Even more interesting in the example above, is that for such losses as L2DistLoss
, which do not have any constructor parameters or member variables, there is no additional code executed at all. Such singletons are only used for dispatch and don't even produce any additional code, which you can observe for yourself in the code below. As such they are zero-cost abstractions.

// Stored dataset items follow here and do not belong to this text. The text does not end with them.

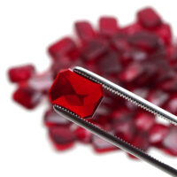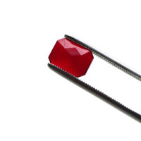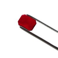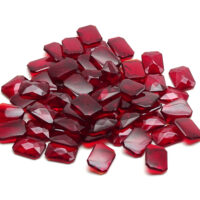 Facettierter Cabochon Schmuckstein aus rubinrotem Glas in achteckiger Form. Perfekt zur Anfertigung von Modeschmuck, Accessoires und stilvollen Veredelungen. Entgegen einem natürlichen, echten Rubin Edelstein, sind die Farb-Eigenschaften, sowie die Lichtdurchlässigkeit, bei einem Glas Schmuckstein nahezu immer identisch. Die Abmessung beträgt ca. 12 x 16 mm, bei einer durchschnittlichen Dicke von ca. 4 mm und einem Gewicht von ca. 1,1 – 1,2 Gramm, welches bei einem natürlichen Pendant ca. 5,8 – 6,0 Carat entsprechen würde.
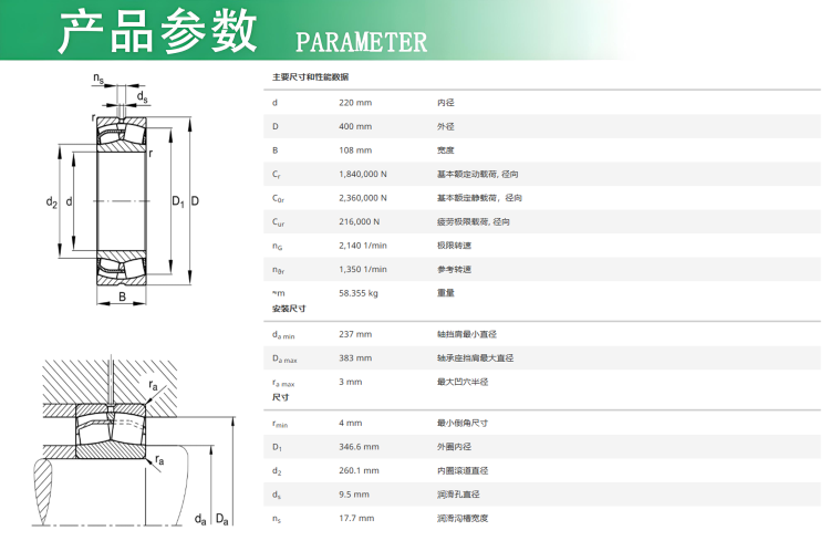FAG调心滚子轴承22244-BE-XL-C3 重齿JLP180减速机 |
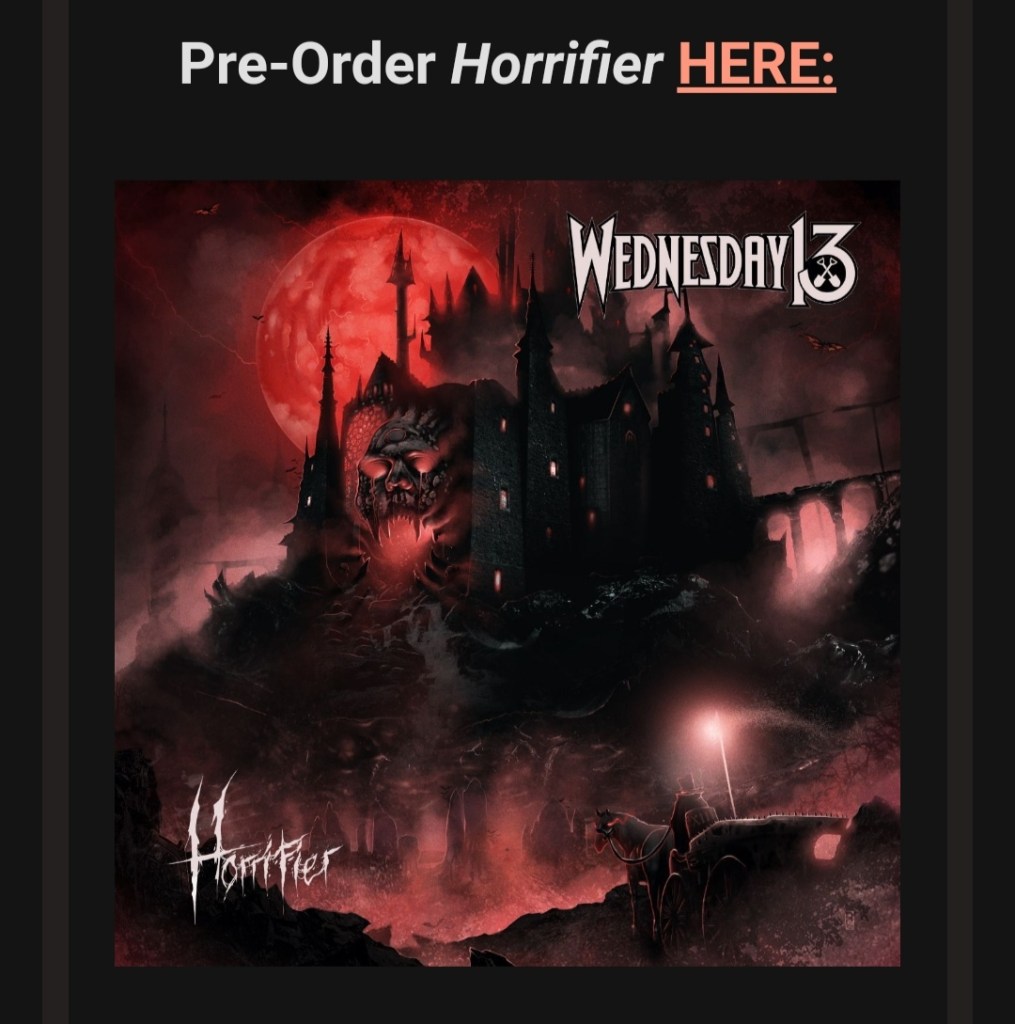 El heraldo indiscutible del metal horror MIÉRCOLES 13 anunció recientemente su muy esperado próximo álbum de himnos terriblemente sombríos y maravillosos, titulado Horrifier, que saldrá el 7 de octubre de 2022 a través de Napalm Records. Después del aclamado Necrophaze de 2019 (#2 US Heatseekers), con Horrifier, el exlíder del renombrado supergrupo de terror punk Murderdolls revitaliza su sonido con una energía punk intensamente divertida y una actitud metálica.
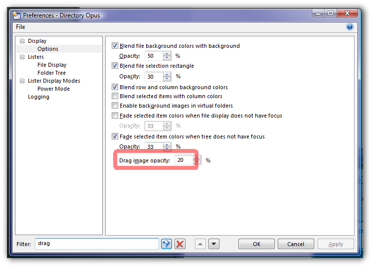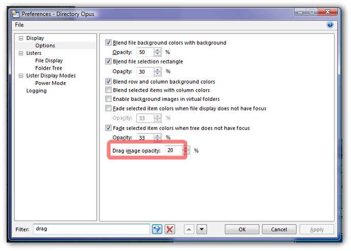 When I drag and drop multiple files from a lister to f.ex. the folder tree, the "box" of the selected files is not transparent enough so it covers the folder tree and makes it very difficult to see where I'm supposed to drop the files. Is there a way to adjust this transparency?
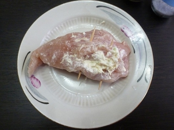 1. Куриные грудки помыть, обсушить. В толстой части сделать разрез-карман. Старайтесь не прорезать мясо насквозь. Посолить снаружи и внутри.
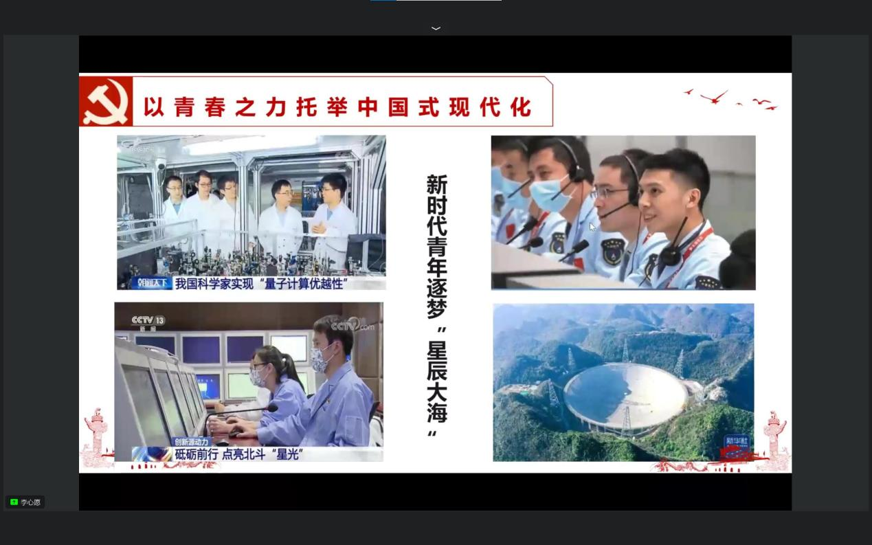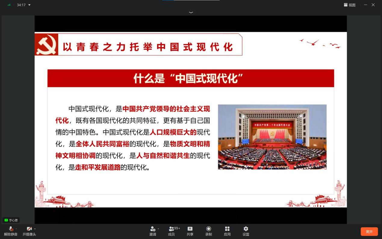 在这次会议中,李心愿老师围绕青年主体,以“青春之力托举中国式现代化”为中心,向同学们详细解读了“中国式现代化”这一概念,呼吁同学们以青春活力助力中国式现代化并寄予殷切希望。通过本次培训班明确指出党的二十大后中国青年的奋斗目标。
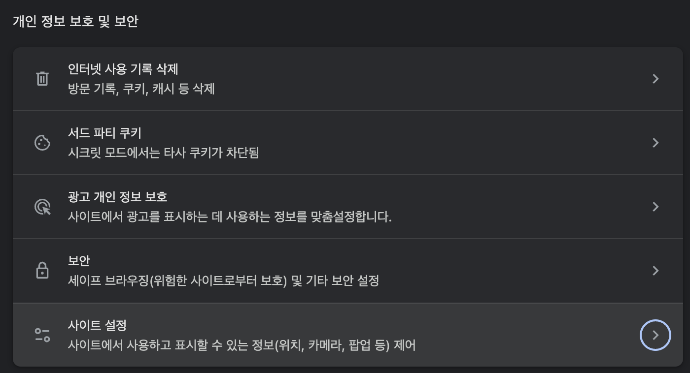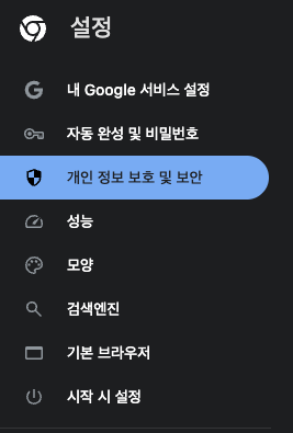 개인 정보 보호 및 보안 > chrome://settings/privacy
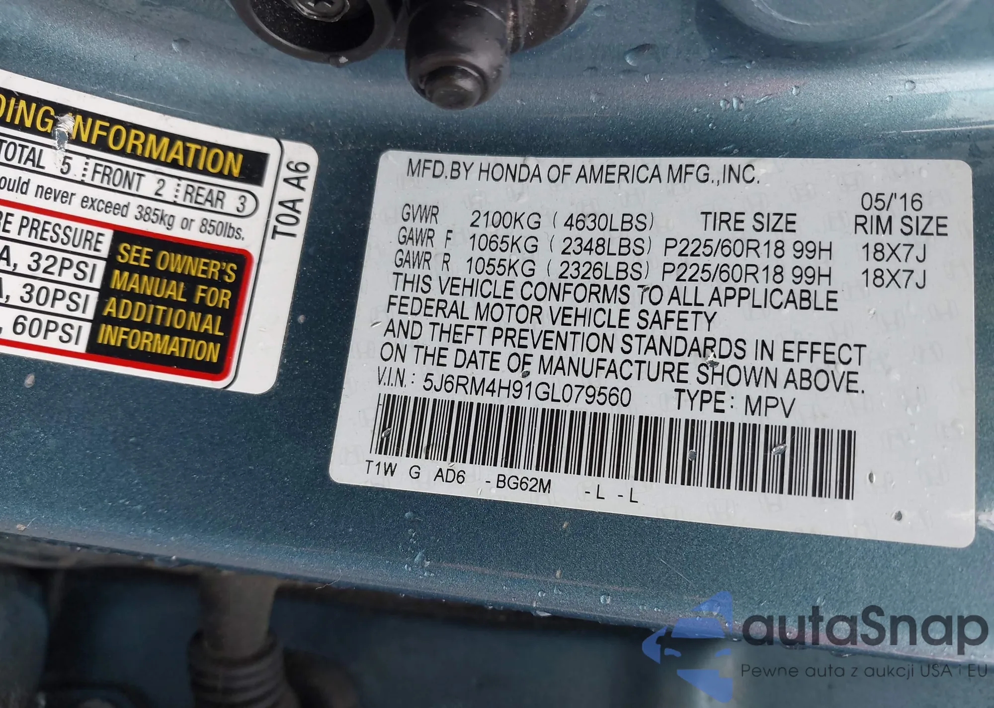 • VIN 5J6RM3H77CL034657

julia> v1(loss,t,y) = value(loss,t,y)
julia> v2(t,y) = value(L2DistLoss(),t,y)
julia> @code_llvm v1(loss, 2, 3)
define i64 @julia_v1_70944(i64, i64) #0 {
top:
%2 = sub i64 %1, %0
%3 = mul i64 %2, %2
ret i64 %3
}
julia> @code_llvm v2(2, 3)
define i64 @julia_v2_70949(i64, i64) #0 {
top:
%2 = sub i64 %1, %0
%3 = mul i64 %2, %2
ret i64 %3
}
On the other hand, some types of losses are actually more comparable to whole families of losses instead of just a single one. For example, the immutable type L1EpsilonInsLoss
has a free parameter $\epsilon$. Each concrete $\epsilon$ results in a different concrete loss of the same family of epsilon-insensitive losses.
julia> L1EpsilonInsLoss(0.5)
L1EpsilonInsLoss{Float64}(0.5)
julia> L1EpsilonInsLoss(1)
L1EpsilonInsLoss{Float64}(1.0)
For such losses that do have parameters, it can make a slight difference to pre-instantiate a loss. While they will live on the stack, the constructor usually performs some assertions and conversion for the given parameter. This can come at a slight overhead. At the very least it will not produce the same exact code when pre-instantiated. Still, the fact that they are immutable makes them very efficient abstractions with little to no performance overhead, and zero memory allocations on the heap.
Computing the Values
The first thing we may want to do is compute the loss for some observation (singular). In fact, all losses are implemented on single observations under the hood. The core function to compute the value of a loss is value
. We will see throughout the documentation that this function allows for a lot of different method signatures to accomplish a variety of tasks.
LearnBase.value
— Method.value(loss, target::Number, output::Number) -> Number
Compute the (non-negative) numeric result for the loss-function denoted by the parameter loss
and return it. Note that target
and output
can be of different numeric type, in which case promotion is performed in the manner appropriate for the given loss.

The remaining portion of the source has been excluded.